> **Try it**:
Would you print the lines below exactly, beginning at the line that has "Here’s what you" and stopping after the line that has "乐鱼1+零漏点给水系统分享交"? Only those lines, and no pictures.

Records drawn from a dataset
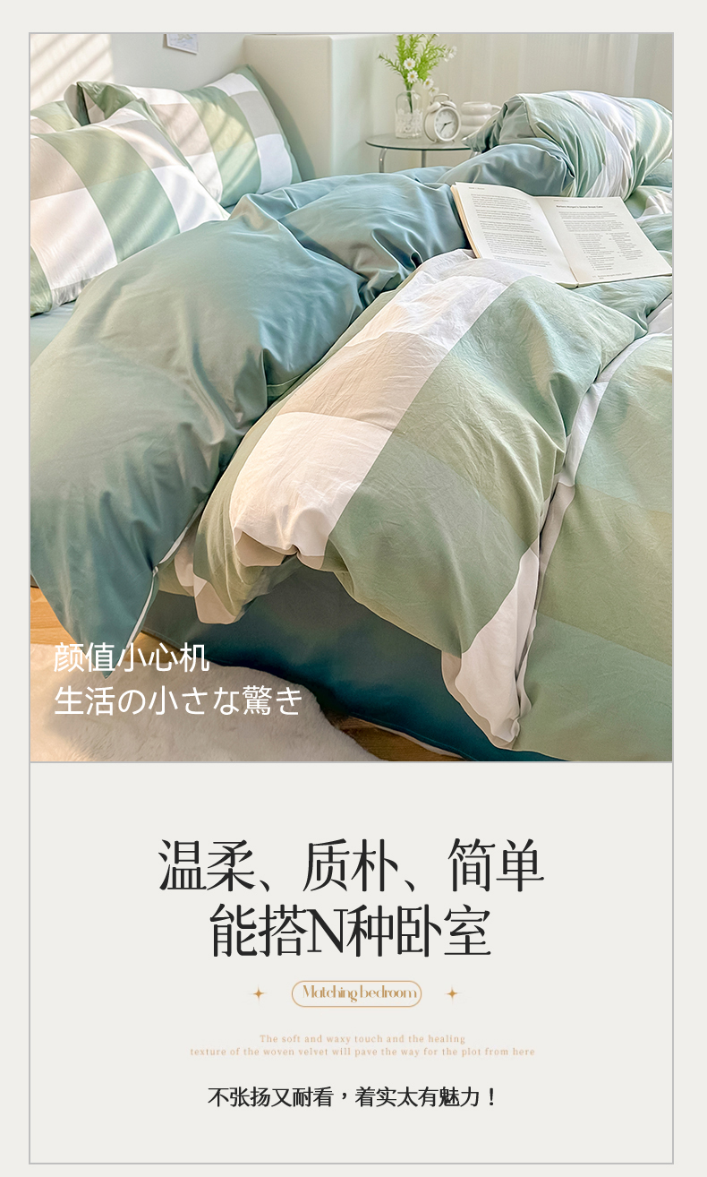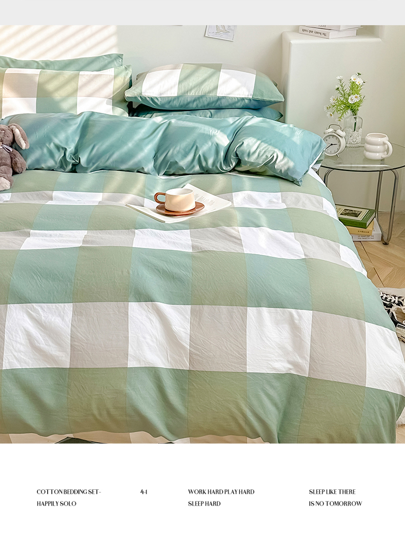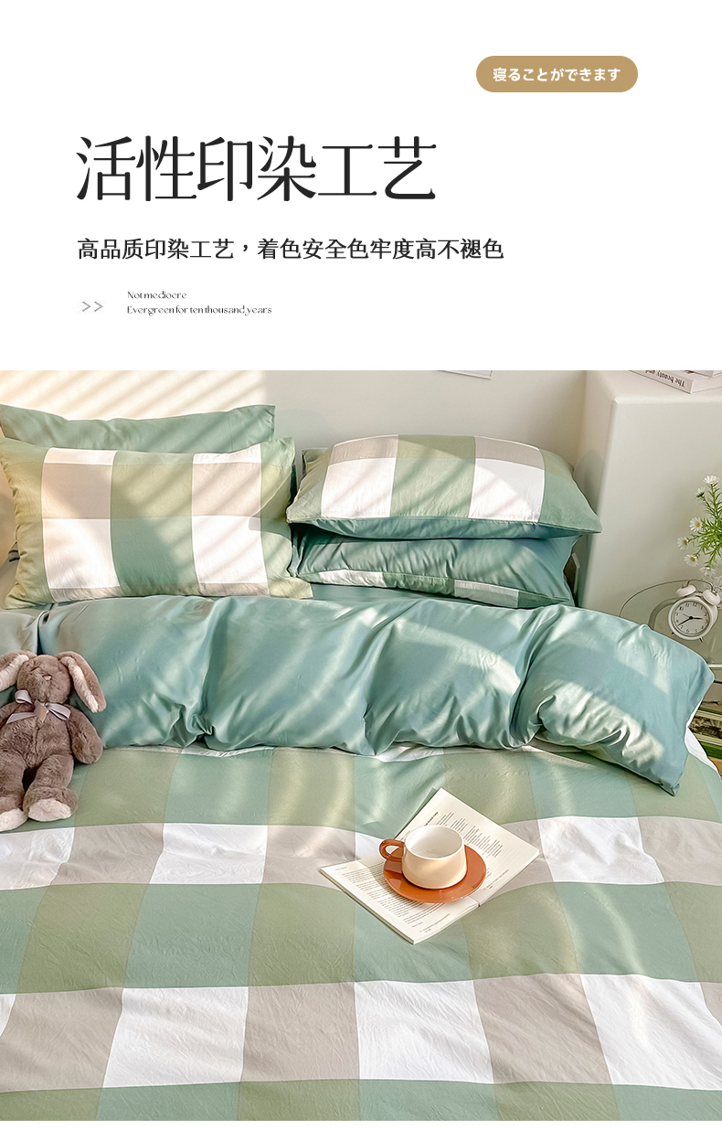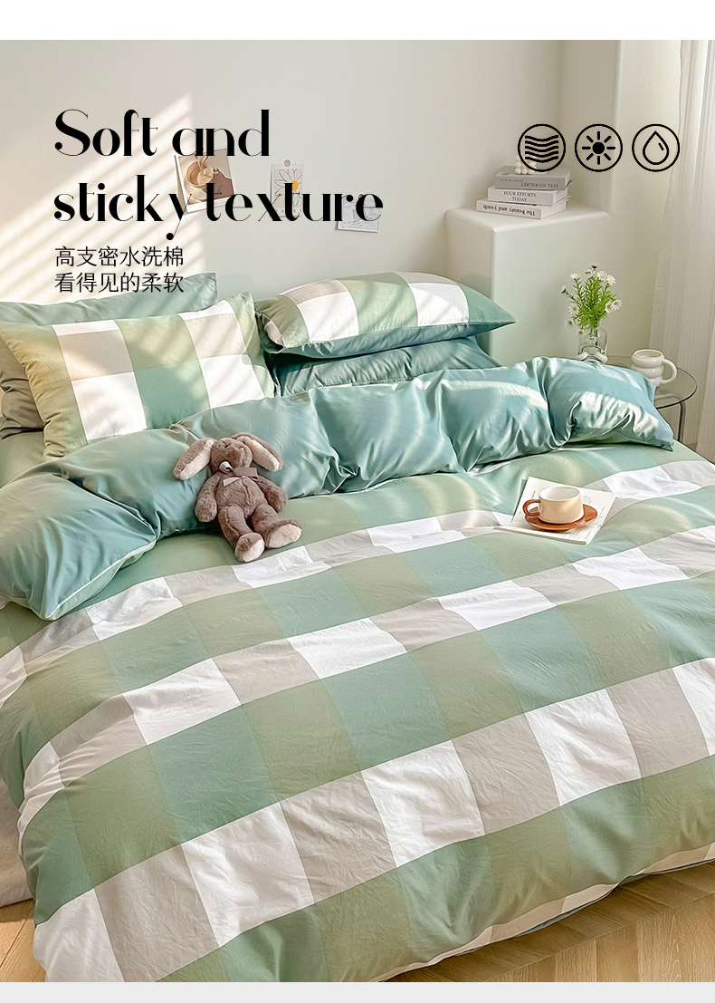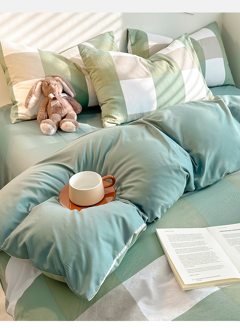 当前位置: 91家纺网 > 商品网购 > 床品套件 > 四件套 > 水洗棉四件套 > 古吉梦 2024新款水洗棉小清新印花格子系列四件套 G-绿白大格+薄荷绿
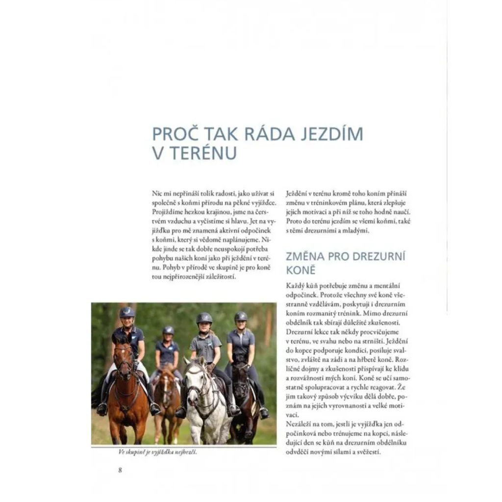 Klimke sdílí své bohaté zkušenosti a znalosti o bezpečném a pestrém ježdění v terénu za všech povětrnostních podmínek a v různých ročních obdobích. Od bezpečných vyjížděk přes brodění vodních překážek, gymnastické procvičování drezurních koní v přírodě, kondiční tréninky až po zdolávání prvních nízkých terénních překážek, tato kniha slouží jako komplexní průvodce pro jezdce všech úrovní. Klimke přistupuje k tématu s respektem k přírodě, koním a jezdectví jako umění. Tato kniha není jen o technikách a tréninku, ale také o budování vztahu s koněm a užívání si nezapomenutelných zážitků v srdci přírody.
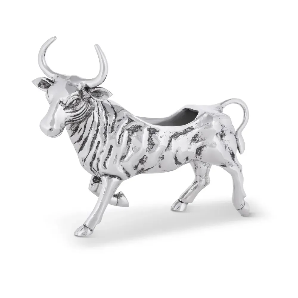 A bottle holder in the shape of a bull, with a silver textured finish.
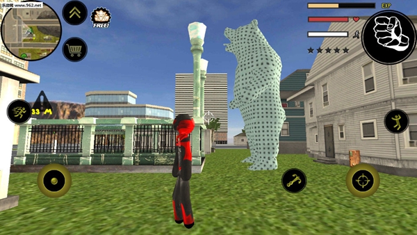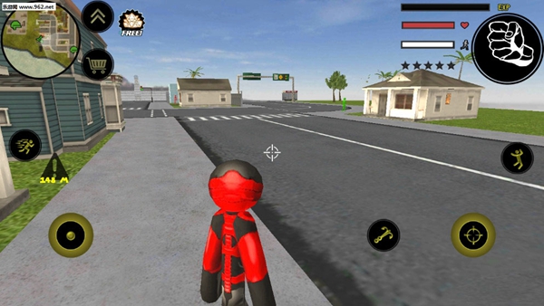 左侧移动、加速,右侧绳索,攻击(跳跃),跳跃,右上侧的武器更换以及血量、经验的显示都实时更新,一览无遗,凭借着大家自由的玩法,与其他帮派的人物进行交火,期间杀人能够获得经验,杀多了会产生星级,警察和其他附近角色会特殊照顾你对你展开火热的进攻,而如何存活,如何将其他人物击杀则是你所需要完成的任务。建议新手玩家先熟悉基本操作,在安全区域练习各种动作组合,掌握绳索的使用技巧,这对后续的游戏体验至关重要。
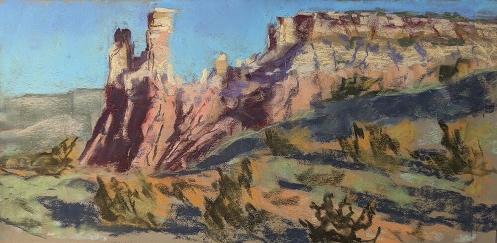 I got up super early one day at Ghost Ranch and hiked most of the way to Chimney Rock. I found this great spot on the way there and sat down and made this plein air pastel painting. I got up super early one day at Ghost Ranch and hiked most of the way to Chimney Rock. I found this great spot on the way there and sat down and made this plein air pastel painting. |
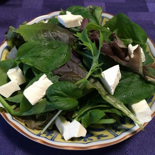 ベビーリーフにクリームチーズを乗せたので、オリーブオイルでどうぞ
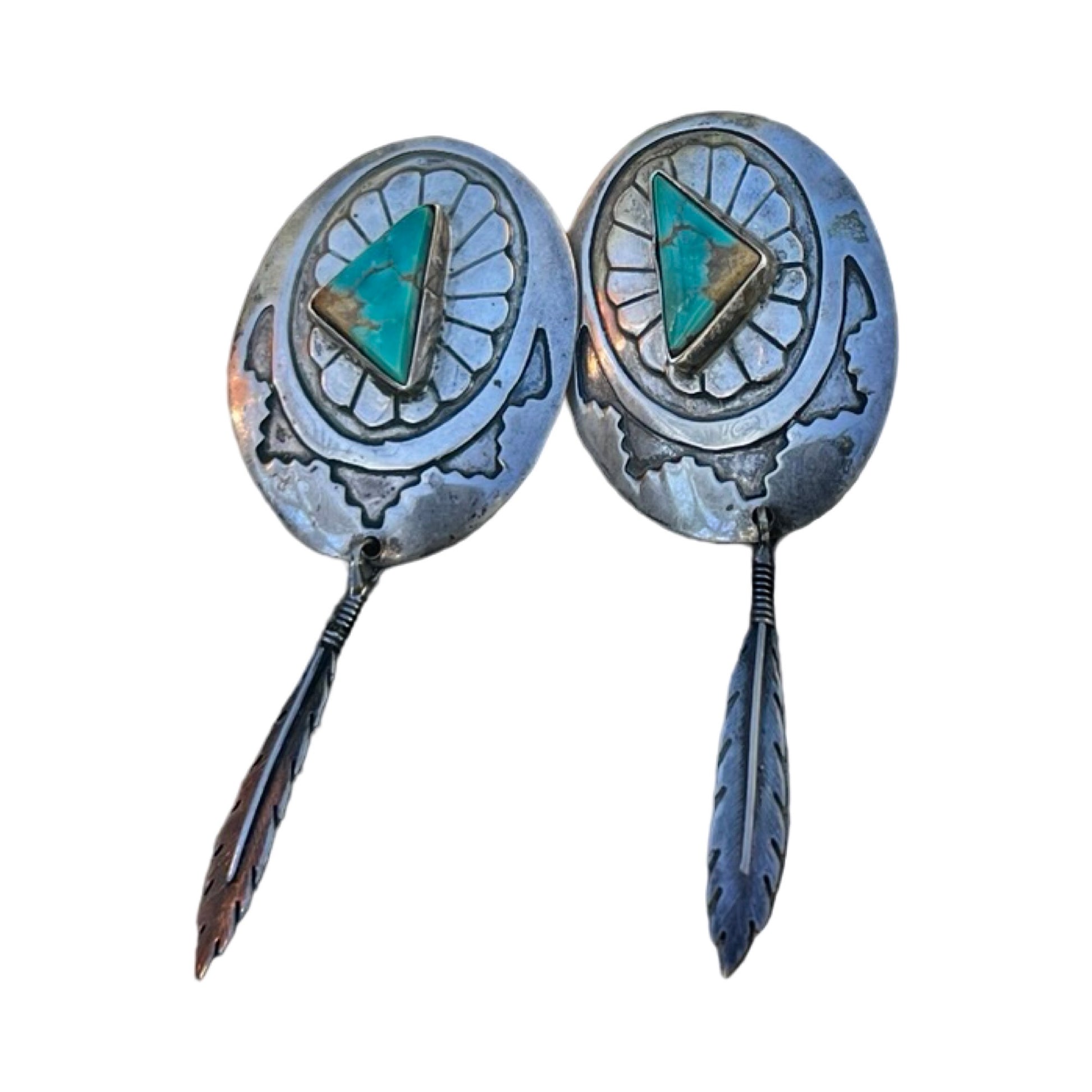 Beautiful vintage Navajo sterling silver and turquoise earring with dangling feathers. Measures a dramatic 3” in total length. Post back. Hallmark JN or JZ.
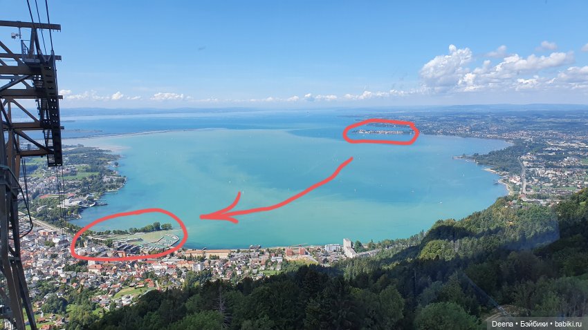 А это вид на остров Боденское озеро и остров Линдау с горы Пфендель в городе Брегенц ( Pfändler, Pfändlerbahn, Bregenz) в Австрии. Если у Вас будет шенген — то Вы так же сможете купить билет на корабль и из Линдау переплыть в Брегенц и подняться на эту гору в чудесной кабинке с потрясающими видами и так же вернуться назад — цена на билет в оба конца плюс поездка вверх на гору и вниз.
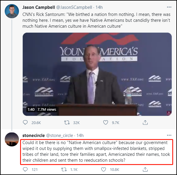 美國有線電視新聞網(CNN)政治評論員,前參議員裏克·桑托勒姆(Rick Santorum)4月23日在保守派團體活動上的一番言論被批“白人至上主義”,引發了多方強烈不滿。美國印第安人全國代表大會主席夏普在聲明中要求CNN解僱桑托勒姆,“播放他關於原住民種族滅絕(genocide)的觀點,等同於把納粹搬上熒幕為大屠殺正名。”
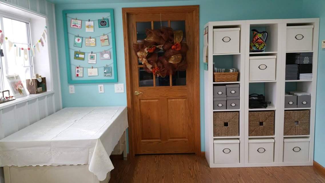 Here’s what you see when you first come in and look to the left.  Behind that wooden door is where I park my vehicle, and chances are there is a tractor in there too.  I shopped at IKEA for the storage unit, it’s very sturdy and holds all of my Big Shot supplies, along with other goodies in the storage boxes.  One of my favorite things on the shelf is the beautiful pitcher I received as a gift from Stampin Up while on a Getaway Trip to San Diego. The card display frame on the left was originally black but I painted it Bermuda Bay to match the Pool Party room. (please tell me I’m not the only one who relates every color I see to the Stampin Up color palette!)  On the back of the frame, I stapled some twine and added clothespins to show off some of my all time favorite swaps.
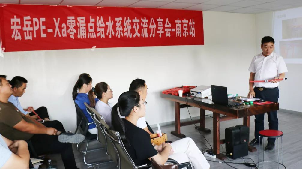 乐鱼1+零漏点给水系统分享交流会在江苏省会六朝古都-南京如期举行,此次交流会得到了南京服务中心董事长朱总的大力支持,与会30余名管理人员和一线业务,共同参加学习和交流PE-Xa产品的相关知识与连接技术。
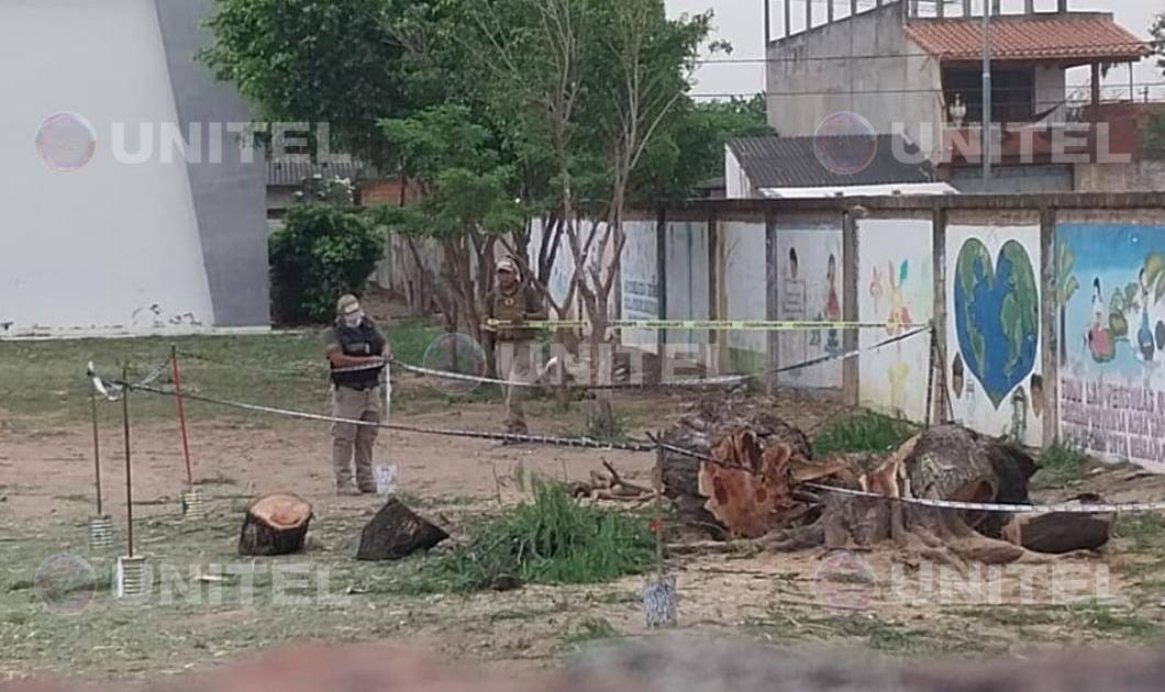 Un niño murió aplastado por el tronco de un árbol que era cortado en una unidad educativa del Plan 3.000, en la capital cruceña. Efectivos policiales llegaron al centro para iniciar las investigaciones de este caso.
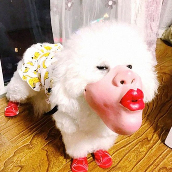 雖然這樣的嘴套看起來有種惡趣味的感覺,不過與狗狗的形象也未免相差太多,加上家裡有小朋友的話,看到可愛的狗狗變成了這個模樣,也許會讓他們嚇到晚上做噩夢吧!
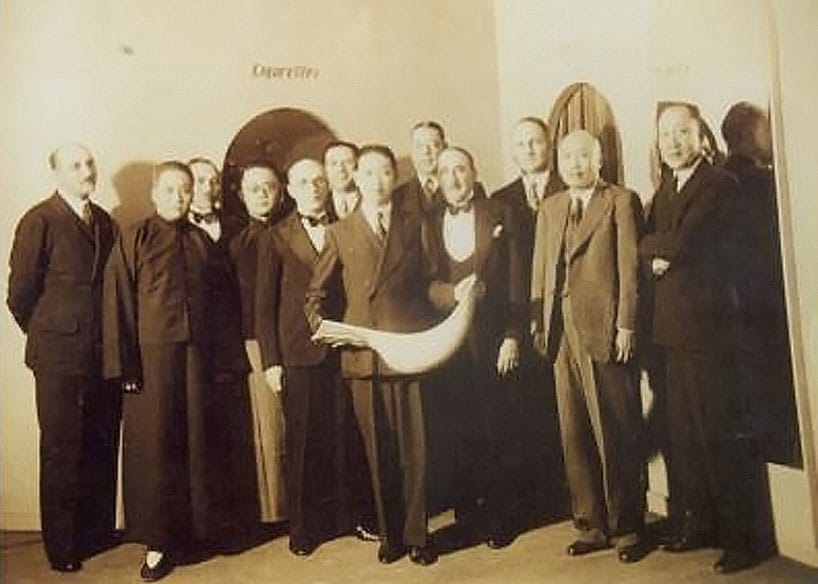 Mei Lan Fang (梅兰芳) en el Forum de Tianjin sosteniendo una chistera.

> **Written reply**:
 Here’s what you see when you first come in and look to the left.  Behind that wooden door is where I park my vehicle, and chances are there is a tractor in there too.  I shopped at IKEA for the storage unit, it’s very sturdy and holds all of my Big Shot supplies, along with other goodies in the storage boxes.  One of my favorite things on the shelf is the beautiful pitcher I received as a gift from Stampin Up while on a Getaway Trip to San Diego. The card display frame on the left was originally black but I painted it Bermuda Bay to match the Pool Party room. (please tell me I’m not the only one who relates every color I see to the Stampin Up color palette!)  On the back of the frame, I stapled some twine and added clothespins to show off some of my all time favorite swaps.
 乐鱼1+零漏点给水系统分享交流会在江苏省会六朝古都-南京如期举行,此次交流会得到了南京服务中心董事长朱总的大力支持,与会30余名管理人员和一线业务,共同参加学习和交流PE-Xa产品的相关知识与连接技术。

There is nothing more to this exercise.